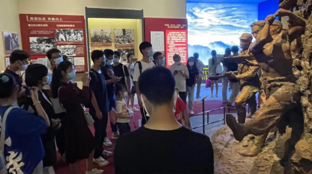一进场馆,就被来为祖国庆生的人山人海给感动了。每个人,无论年少,无论男女,脸上都洋溢着幸福的微笑,兴奋地在跟国旗、党旗合影留念。我们一行人当然也不例外。认真聆听导游的讲解,我们被眼前活生生的历史给吸引住了,忆往昔峥嵘岁月,看今朝少年锋芒!
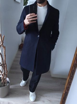 Elegante abrigo largo de paño de la línea Zara Men, ideal para un look formal, smart-casual o incluso para darle un toque sofisticado al streetwear. El corte clásico y su longitud por debajo de la rodilla ofrecen una silueta atemporal. Confeccionado con un tejido de alta calidad que aporta calidez: 80% lana y 20% poliamida/nylon. Perfecto para el invierno y el entretiempo. Llévalo sobre un traje, con jeans y jersey, o con turtleneck para un estilo nórdico. ¡Prenda de abrigo de lana de marca top, perfecta para cualquier ocasión! - Marca: Zara - Talla: M (EUR), 38 (MEX) - Color: Gris Oscuro / Marengo (Dark Gray) Envíos a toda España
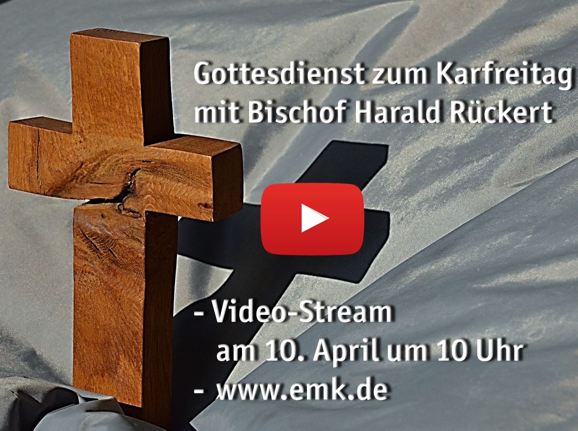 Gottesdienst zu Karfreitag mit Bischof Harald Rückert aus Frankfurt/Main. Der Video-Stream steht am 10. April ab 10 Uhr über den You-Tube-Kanal der EmK (www.youtube.com/user/emkde) bereit. Das Video kann auch zeitversetzt und auch noch in den darauffolgenden Tagen angeschaut werden.
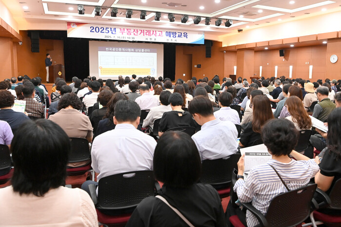 진주시는 16일 시청 시민홀에서 관내 공인중개사 300여 명을 대상으로 2025년 부동산거래사고 예방교육을 실시했다.
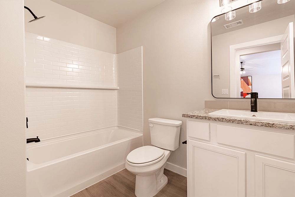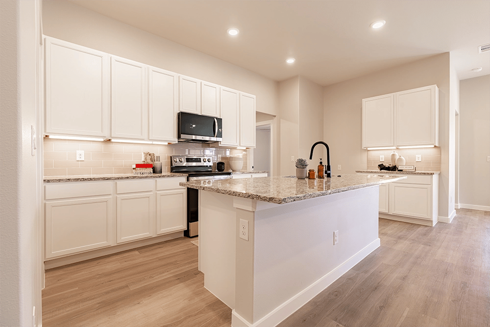 - Granite or quartz countertops throughout
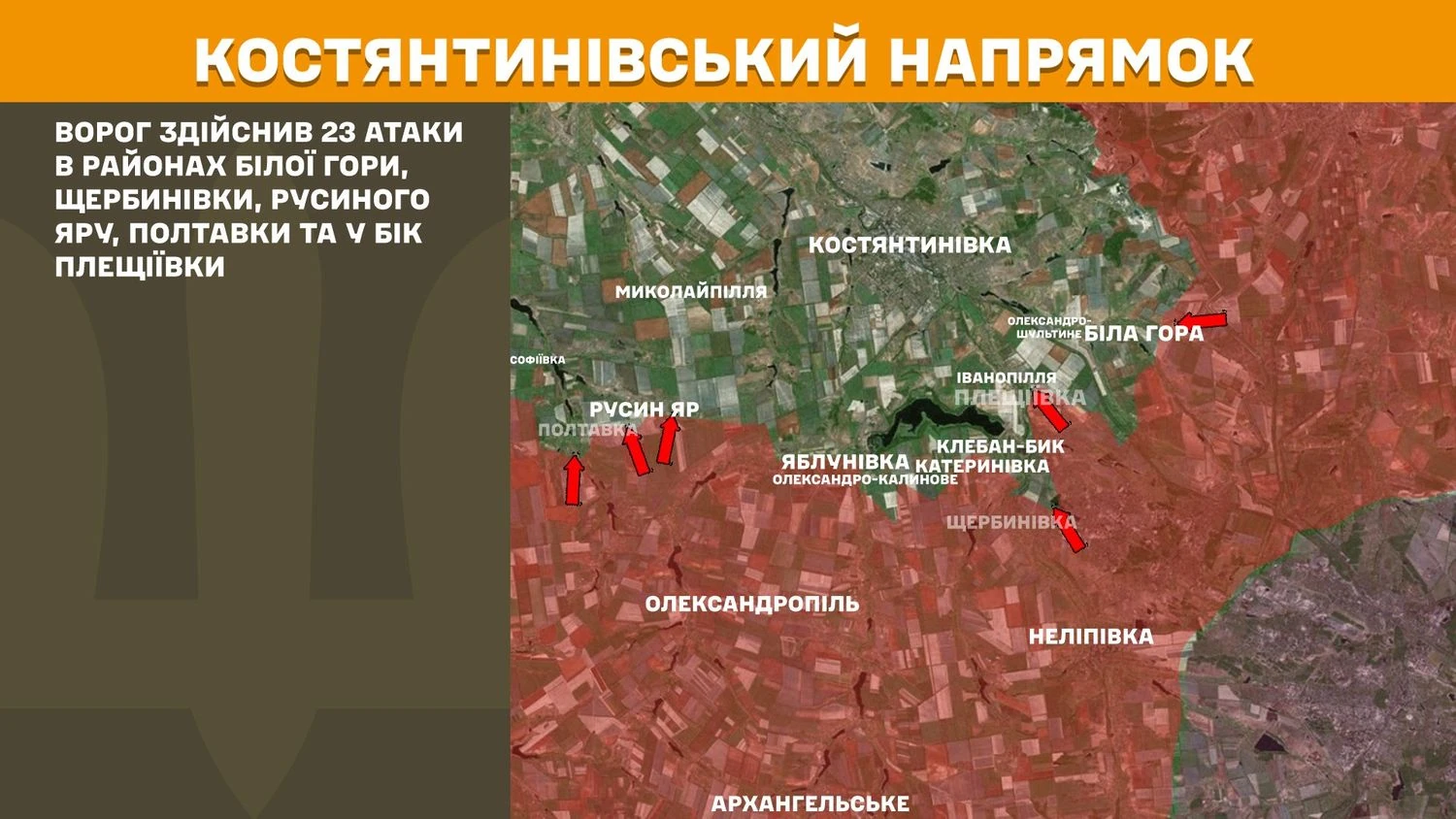 Kostiantynivka - 23 attacks near Bila Hora, Shcherbynivka, Rusyn Yar and Poltavka.
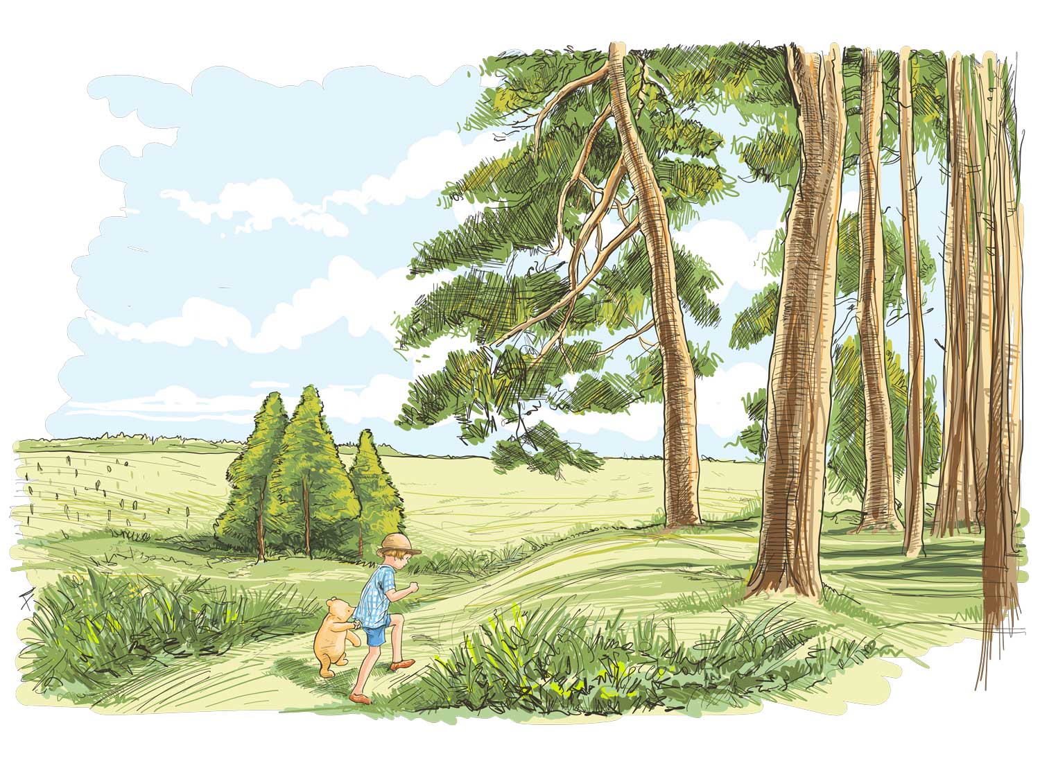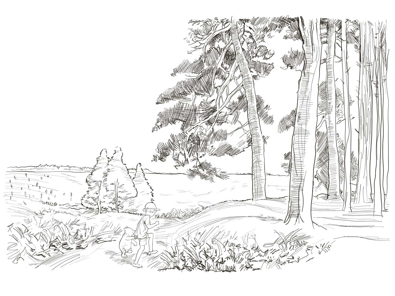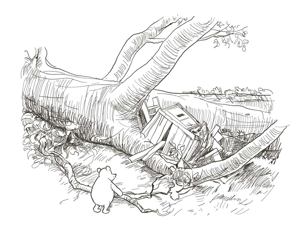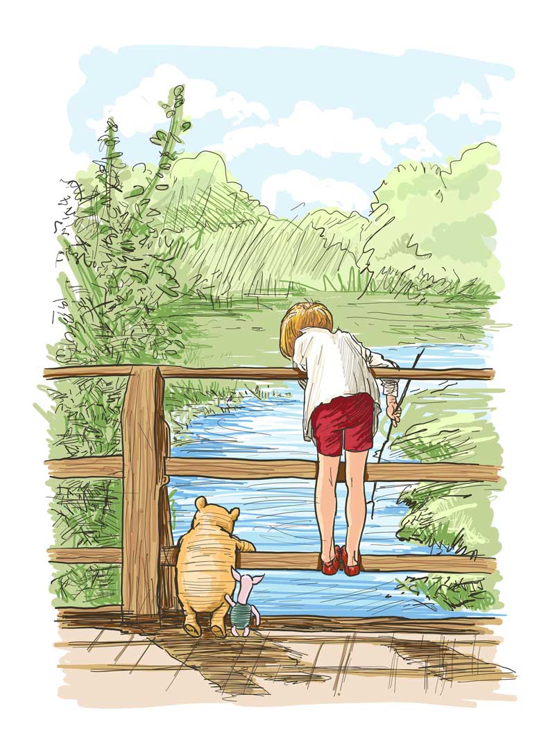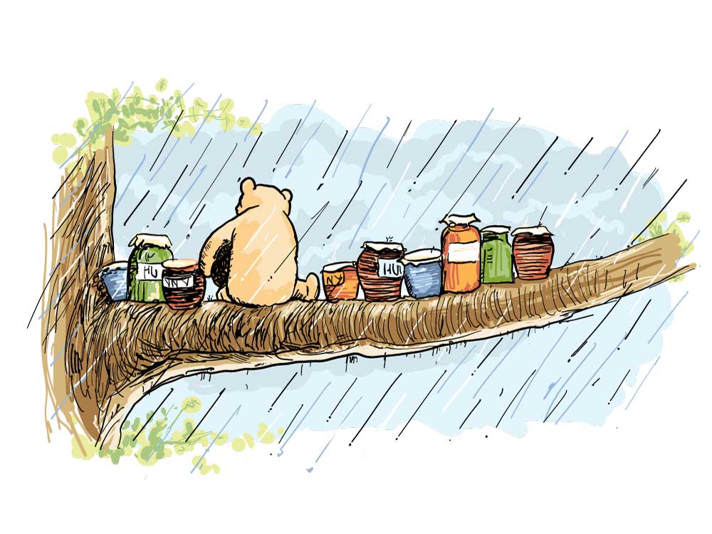 A friend asked me to recreate some vintage Winnie the Pooh illustrations for a personal project. I was familiar with the Disney version of Winnie the Pooh, but I was amazed by the line work of the original illustrator, Ernest Howard Shepard. I was hooked. I tried to recreate his masterful inking and added some coloring that complements his inking style while being all the time in vector form.
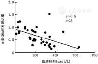 相关性分析显示,小鼠的肾组织miR-26a与SCr呈负相关(r=-0.5,P<0.05) (图2)。
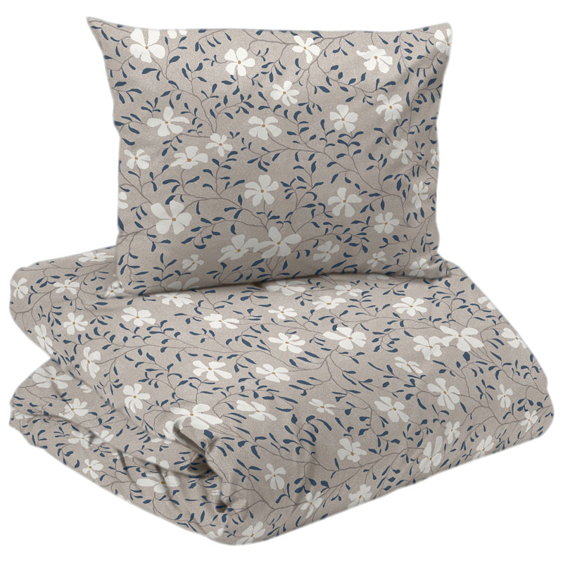 Hedvig är ett charmigt påslakanset från Redlunds, prydd av ett iögonfallande blommönster i vitt och blått mot en linnefärgad botten.
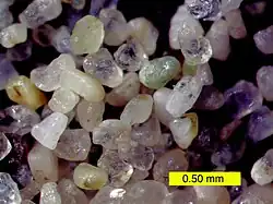 The dunes are composed predominantly of light-colored quartz and feldspar, most likely eroded from the granitics of the San Bernardino Mountains to the southwest. Magnetite and amphibole can also be found, often accumulating at the dune crests.

[TASK DETAILS] Only the listing above, set down exactly and without pictures, belongs in the answer.

[TASK ANSWER]
一进场馆,就被来为祖国庆生的人山人海给感动了。每个人,无论年少,无论男女,脸上都洋溢着幸福的微笑,兴奋地在跟国旗、党旗合影留念。我们一行人当然也不例外。认真聆听导游的讲解,我们被眼前活生生的历史给吸引住了,忆往昔峥嵘岁月,看今朝少年锋芒!
 Elegante abrigo largo de paño de la línea Zara Men, ideal para un look formal, smart-casual o incluso para darle un toque sofisticado al streetwear. El corte clásico y su longitud por debajo de la rodilla ofrecen una silueta atemporal. Confeccionado con un tejido de alta calidad que aporta calidez: 80% lana y 20% poliamida/nylon. Perfecto para el invierno y el entretiempo. Llévalo sobre un traje, con jeans y jersey, o con turtleneck para un estilo nórdico. ¡Prenda de abrigo de lana de marca top, perfecta para cualquier ocasión! - Marca: Zara - Talla: M (EUR), 38 (MEX) - Color: Gris Oscuro / Marengo (Dark Gray) Envíos a toda España
 Gottesdienst zu Karfreitag mit Bischof Harald Rückert aus Frankfurt/Main. Der Video-Stream steht am 10. April ab 10 Uhr über den You-Tube-Kanal der EmK (www.youtube.com/user/emkde) bereit. Das Video kann auch zeitversetzt und auch noch in den darauffolgenden Tagen angeschaut werden.
 진주시는 16일 시청 시민홀에서 관내 공인중개사 300여 명을 대상으로 2025년 부동산거래사고 예방교육을 실시했다.
 - Granite or quartz countertops throughout
 Kostiantynivka - 23 attacks near Bila Hora, Shcherbynivka, Rusyn Yar and Poltavka.
 A friend asked me to recreate some vintage Winnie the Pooh illustrations for a personal project. I was familiar with the Disney version of Winnie the Pooh, but I was amazed by the line work of the original illustrator, Ernest Howard Shepard. I was hooked. I tried to recreate his masterful inking and added some coloring that complements his inking style while being all the time in vector form.
 相关性分析显示,小鼠的肾组织miR-26a与SCr呈负相关(r=-0.5,P<0.05) (图2)。
 Hedvig är ett charmigt påslakanset från Redlunds, prydd av ett iögonfallande blommönster i vitt och blått mot en linnefärgad botten.
 The dunes are composed predominantly of light-colored quartz and feldspar, most likely eroded from the granitics of the San Bernardino Mountains to the southwest. Magnetite and amphibole can also be found, often accumulating at the dune crests.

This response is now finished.